■ DIRECTIONS FOR THIS TASK
All the lines below should appear again unchanged, though their pictures should not.

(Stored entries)
==========
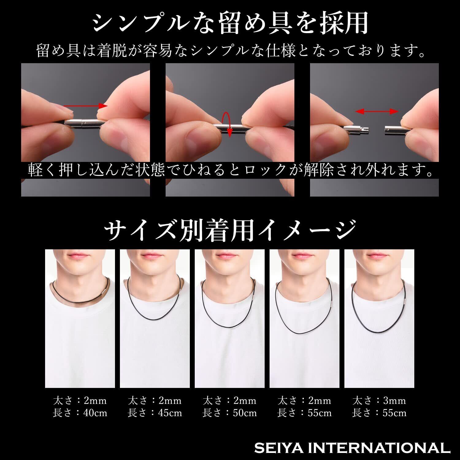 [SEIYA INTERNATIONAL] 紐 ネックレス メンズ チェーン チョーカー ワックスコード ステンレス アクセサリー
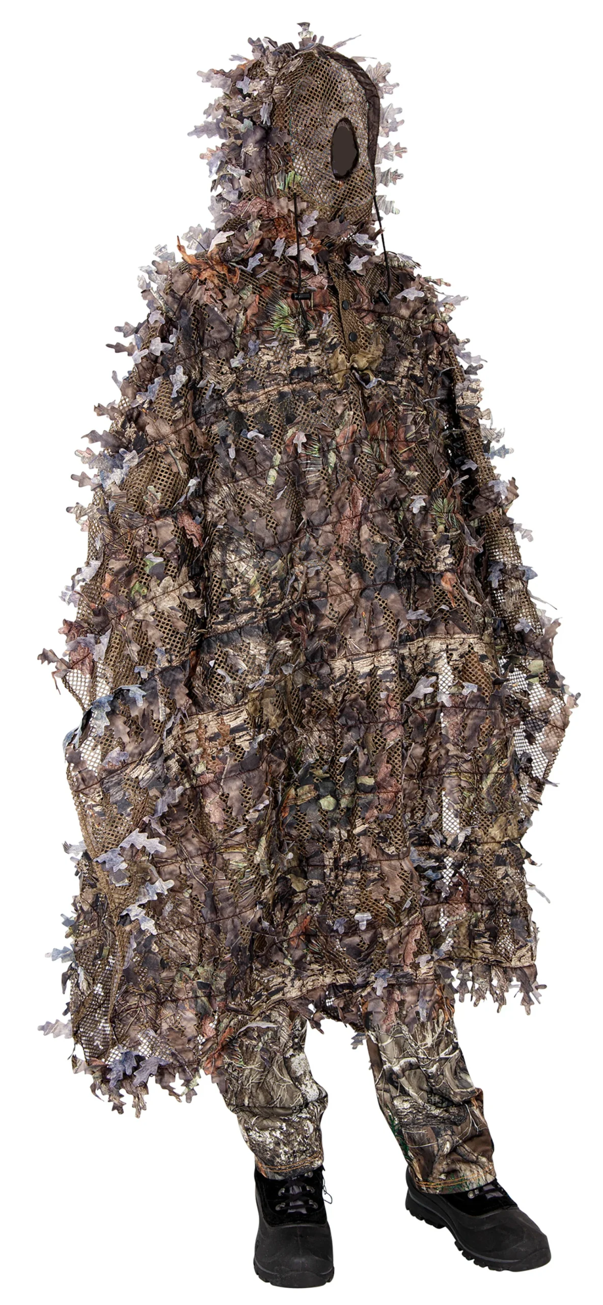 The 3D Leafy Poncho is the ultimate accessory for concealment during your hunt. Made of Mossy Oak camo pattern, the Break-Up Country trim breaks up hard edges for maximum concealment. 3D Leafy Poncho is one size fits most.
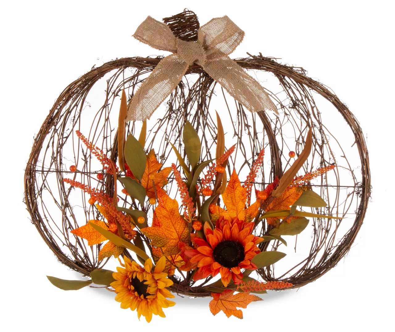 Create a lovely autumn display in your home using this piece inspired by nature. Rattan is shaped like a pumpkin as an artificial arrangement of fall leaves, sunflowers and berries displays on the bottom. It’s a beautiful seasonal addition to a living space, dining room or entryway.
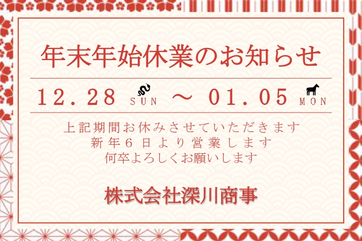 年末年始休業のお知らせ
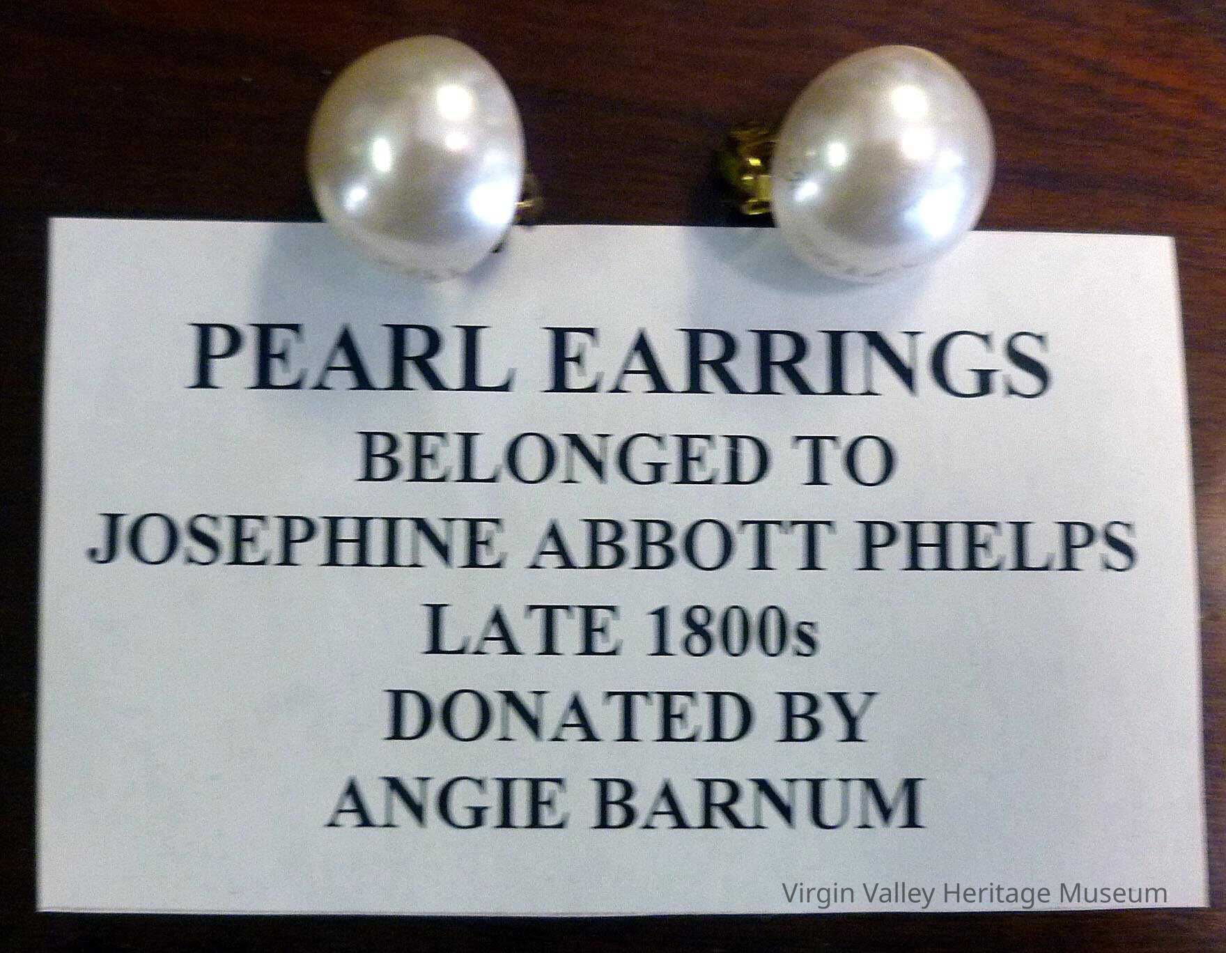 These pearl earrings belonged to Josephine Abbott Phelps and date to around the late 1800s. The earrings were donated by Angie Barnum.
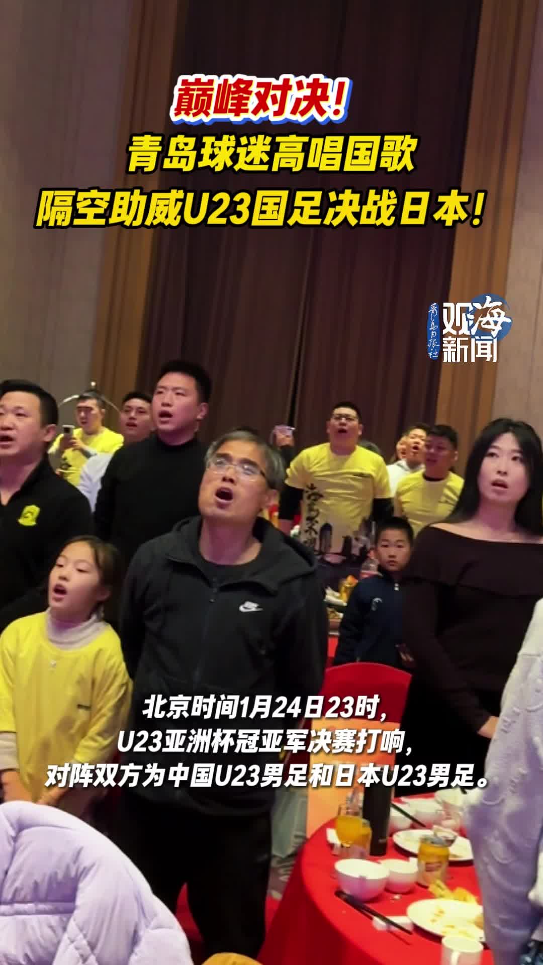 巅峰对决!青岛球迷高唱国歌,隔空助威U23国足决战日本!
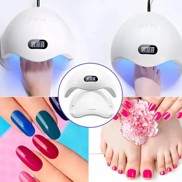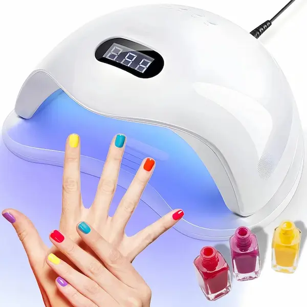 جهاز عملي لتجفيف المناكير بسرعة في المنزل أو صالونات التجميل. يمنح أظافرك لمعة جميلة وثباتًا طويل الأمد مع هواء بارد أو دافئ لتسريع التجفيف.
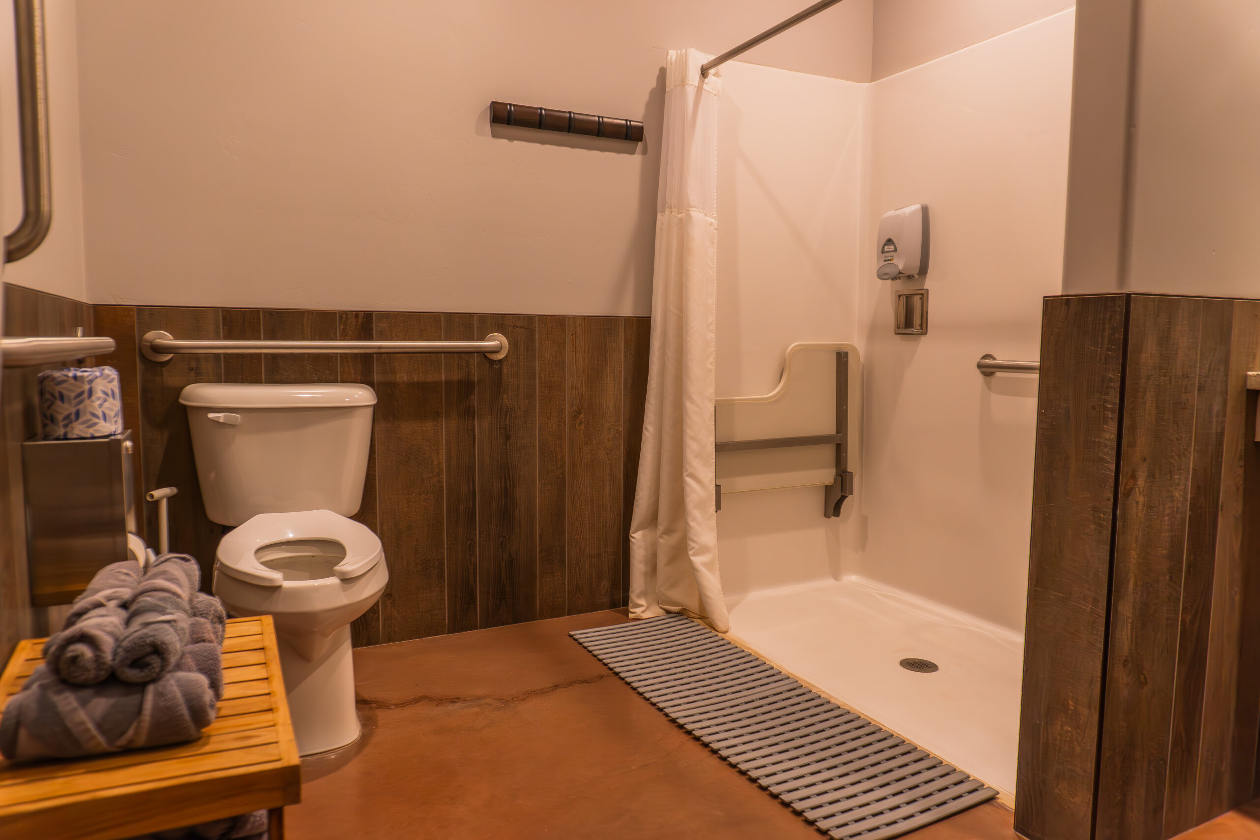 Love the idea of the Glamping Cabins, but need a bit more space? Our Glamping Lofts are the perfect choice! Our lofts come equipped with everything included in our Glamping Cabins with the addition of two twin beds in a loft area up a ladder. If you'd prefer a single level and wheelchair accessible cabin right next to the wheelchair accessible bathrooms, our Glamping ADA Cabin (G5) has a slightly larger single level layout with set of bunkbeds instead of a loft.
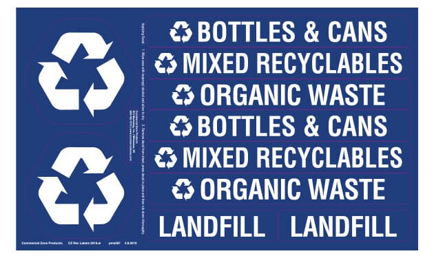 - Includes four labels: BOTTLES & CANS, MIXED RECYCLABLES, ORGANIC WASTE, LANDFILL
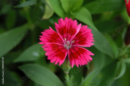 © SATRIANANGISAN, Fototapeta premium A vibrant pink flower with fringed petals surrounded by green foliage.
==========
■ EXERCISE SOLUTION
 [SEIYA INTERNATIONAL] 紐 ネックレス メンズ チェーン チョーカー ワックスコード ステンレス アクセサリー
 The 3D Leafy Poncho is the ultimate accessory for concealment during your hunt. Made of Mossy Oak camo pattern, the Break-Up Country trim breaks up hard edges for maximum concealment. 3D Leafy Poncho is one size fits most.
 Create a lovely autumn display in your home using this piece inspired by nature. Rattan is shaped like a pumpkin as an artificial arrangement of fall leaves, sunflowers and berries displays on the bottom. It’s a beautiful seasonal addition to a living space, dining room or entryway.
 年末年始休業のお知らせ
 These pearl earrings belonged to Josephine Abbott Phelps and date to around the late 1800s. The earrings were donated by Angie Barnum.
 巅峰对决!青岛球迷高唱国歌,隔空助威U23国足决战日本!
 جهاز عملي لتجفيف المناكير بسرعة في المنزل أو صالونات التجميل. يمنح أظافرك لمعة جميلة وثباتًا طويل الأمد مع هواء بارد أو دافئ لتسريع التجفيف.
 Love the idea of the Glamping Cabins, but need a bit more space? Our Glamping Lofts are the perfect choice! Our lofts come equipped with everything included in our Glamping Cabins with the addition of two twin beds in a loft area up a ladder. If you'd prefer a single level and wheelchair accessible cabin right next to the wheelchair accessible bathrooms, our Glamping ADA Cabin (G5) has a slightly larger single level layout with set of bunkbeds instead of a loft.
 - Includes four labels: BOTTLES & CANS, MIXED RECYCLABLES, ORGANIC WASTE, LANDFILL
 © SATRIANANGISAN, Fototapeta premium A vibrant pink flower with fringed petals surrounded by green foliage.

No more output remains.